Listed records START

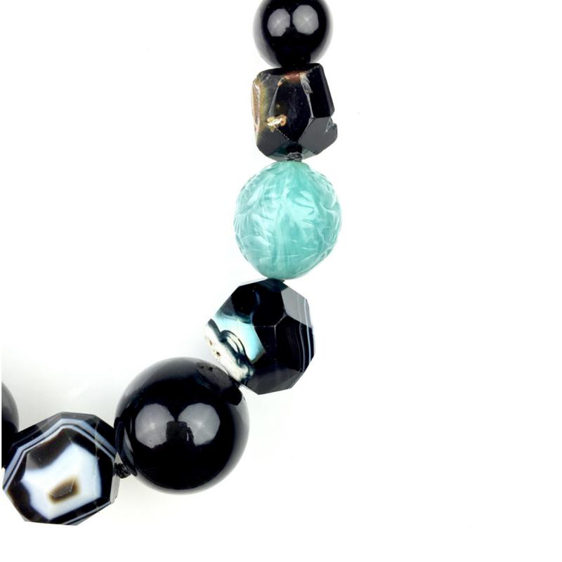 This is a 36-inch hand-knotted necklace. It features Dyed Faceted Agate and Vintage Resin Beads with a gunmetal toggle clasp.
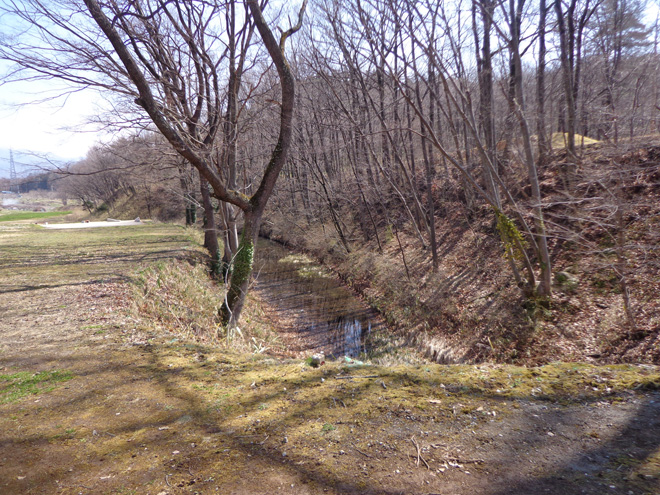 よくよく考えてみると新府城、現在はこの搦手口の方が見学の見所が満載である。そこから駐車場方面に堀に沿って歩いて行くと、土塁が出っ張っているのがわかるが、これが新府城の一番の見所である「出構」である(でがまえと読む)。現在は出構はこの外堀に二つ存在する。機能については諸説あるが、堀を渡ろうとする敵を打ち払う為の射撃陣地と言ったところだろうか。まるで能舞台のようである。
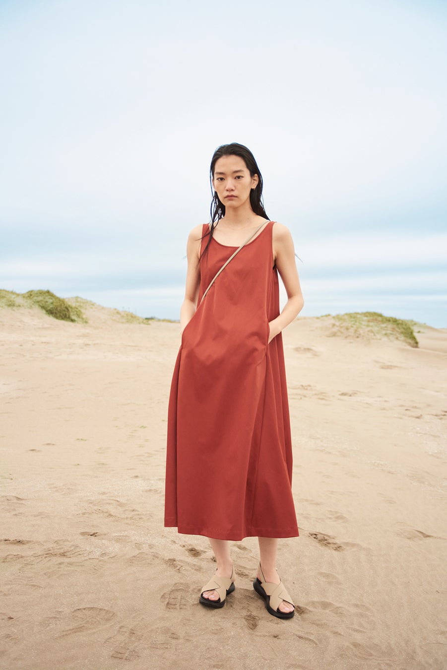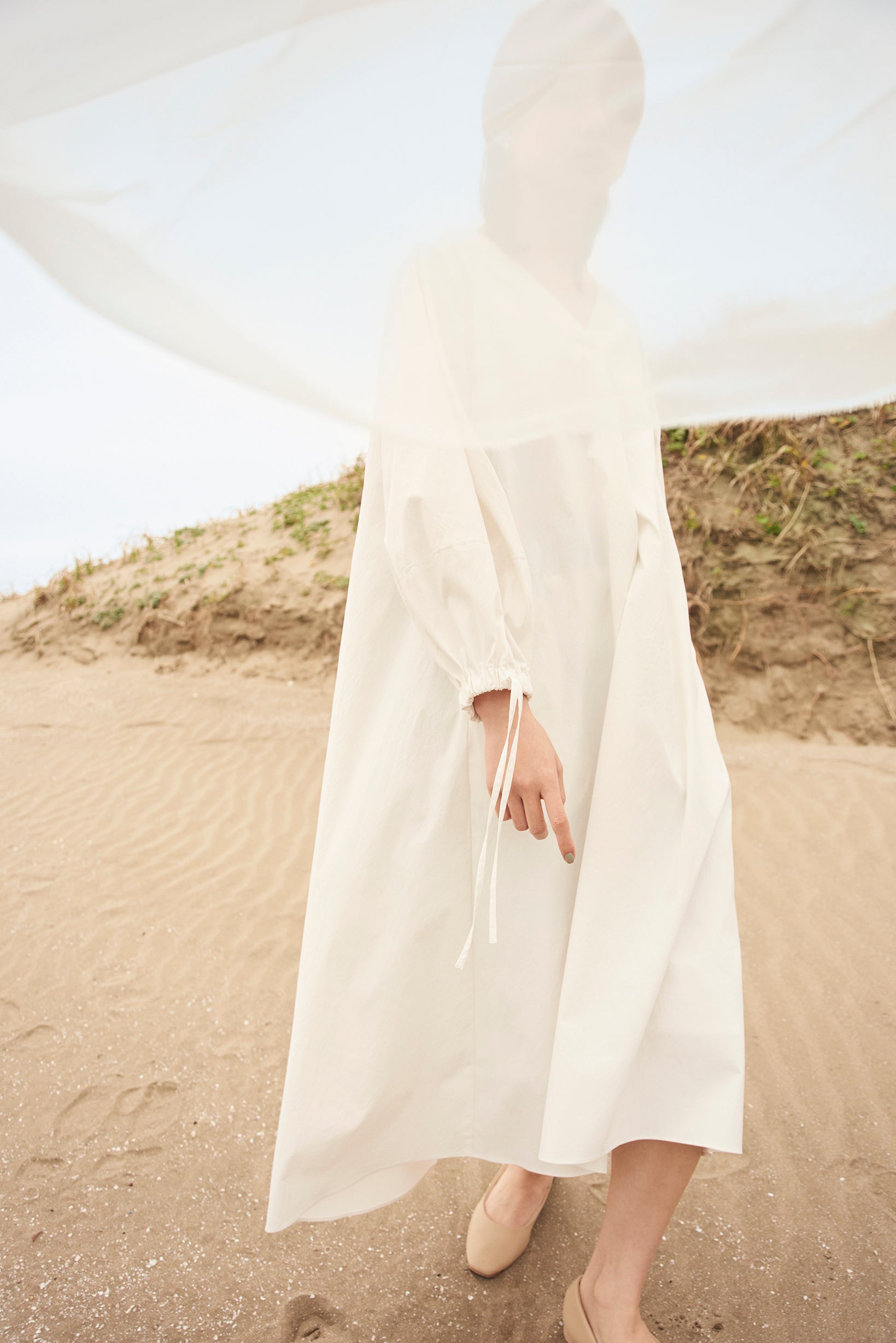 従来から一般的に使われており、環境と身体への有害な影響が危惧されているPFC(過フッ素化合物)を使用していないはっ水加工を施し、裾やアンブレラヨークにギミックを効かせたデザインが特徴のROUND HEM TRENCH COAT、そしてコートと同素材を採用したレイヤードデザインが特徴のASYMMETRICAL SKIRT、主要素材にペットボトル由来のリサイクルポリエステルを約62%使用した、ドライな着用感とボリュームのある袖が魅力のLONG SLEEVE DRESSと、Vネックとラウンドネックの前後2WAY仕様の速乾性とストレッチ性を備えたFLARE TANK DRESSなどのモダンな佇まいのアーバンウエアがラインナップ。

Listed records END
Listed records START

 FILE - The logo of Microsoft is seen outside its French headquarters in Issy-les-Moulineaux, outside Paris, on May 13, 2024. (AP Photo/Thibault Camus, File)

Listed records END

- **Exercise requirements**
From the records above, transcribe only the stretch from the line with "This is a 36-inch" through the line with "HEM TRENCH COAT、そしてコートと同素材を採用したレイヤードデザインが特徴のASYMMETRICAL", keeping both ends. Omit pictures.

- **Result below**
 This is a 36-inch hand-knotted necklace. It features Dyed Faceted Agate and Vintage Resin Beads with a gunmetal toggle clasp.
 よくよく考えてみると新府城、現在はこの搦手口の方が見学の見所が満載である。そこから駐車場方面に堀に沿って歩いて行くと、土塁が出っ張っているのがわかるが、これが新府城の一番の見所である「出構」である(でがまえと読む)。現在は出構はこの外堀に二つ存在する。機能については諸説あるが、堀を渡ろうとする敵を打ち払う為の射撃陣地と言ったところだろうか。まるで能舞台のようである。
 従来から一般的に使われており、環境と身体への有害な影響が危惧されているPFC(過フッ素化合物)を使用していないはっ水加工を施し、裾やアンブレラヨークにギミックを効かせたデザインが特徴のROUND HEM TRENCH COAT、そしてコートと同素材を採用したレイヤードデザインが特徴のASYMMETRICAL SKIRT、主要素材にペットボトル由来のリサイクルポリエステルを約62%使用した、ドライな着用感とボリュームのある袖が魅力のLONG SLEEVE DRESSと、Vネックとラウンドネックの前後2WAY仕様の速乾性とストレッチ性を備えたFLARE TANK DRESSなどのモダンな佇まいのアーバンウエアがラインナップ。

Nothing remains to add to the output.